Ubuntu 16.04 Upgrade
Ubuntu OS 16.04, named Xenial Xerus, was released.
Even before the release, as the release candidate was made available, I updated my VMs and eventually my main home workstation. I poked at the various things that were called out as changes, and made sure things continued working. It seemed pretty slick, in that nothing seemed to break on the desktop or the test suites I have in the VMs. I decided to upgrade the server next.
In the past I have had issues when upgrading as it will impact software with customized configuration files. Some software read only from one main configuration file, and so any customizations you make need to go in there. Some of the customizations are "trivial," like a server name or IP address. Some are less trivial, like configuration for related and external services. Apache HTTPD server does it well, and most of the customizations are in external files created in a directory the main configuration file reads, so upgrades don't tend to affect those (although the change from 2.2 to 2.4 is a bit more intrusive). Postfix, as another example, is a mix, where some customizations are in separate files, but some are in maintained files. Usually the installer is good at recognizing these, but I've become prepared to fight through them.

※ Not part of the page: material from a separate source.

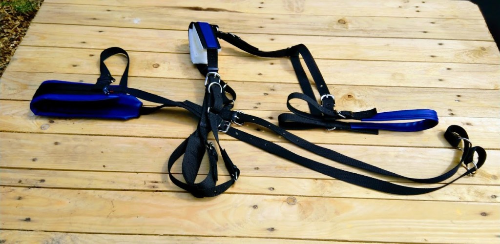 Harnais d’attelage pour ruminant, conçu pour tirer de légères charges sur de courtes durées (pas de travaux de maraîchage par exemple). En polypropylène, nombreuses options possibles

Another issue I have is with some of the built-from-source software I use, rather than using the provided packages. Sometimes this is for historic reasons (like I've always done it that way), sometimes its for specific compilation choices (which may have library options, but I haven't sought or found them), sometimes it's because the software isn't supported by the maintainers (usually because of license disagreement or age of the project).
I dutifully checked back-ups and threw some bits into maintenance mode or stopped servers to avoid complications as software was installed. I fired up the updater, answered the prompts I expected, and left my office to have dinner. I returned occasionally to find some additional prompt to merge or overwrite an expected configuration clash, and eventually to hit the "restart now" button at the end.
As has happened, the GUI (it's a retired desktop turned server) didn't load. I recompiled and installed the (for licensing reasons) not-maintained video driver, but still it wouldn't load. Only a little bothersome (the system sits logged in showing the performance montior, but otherwise the GUI isn't really used) as I was ready to do the rest via SSH from the desktop anyway.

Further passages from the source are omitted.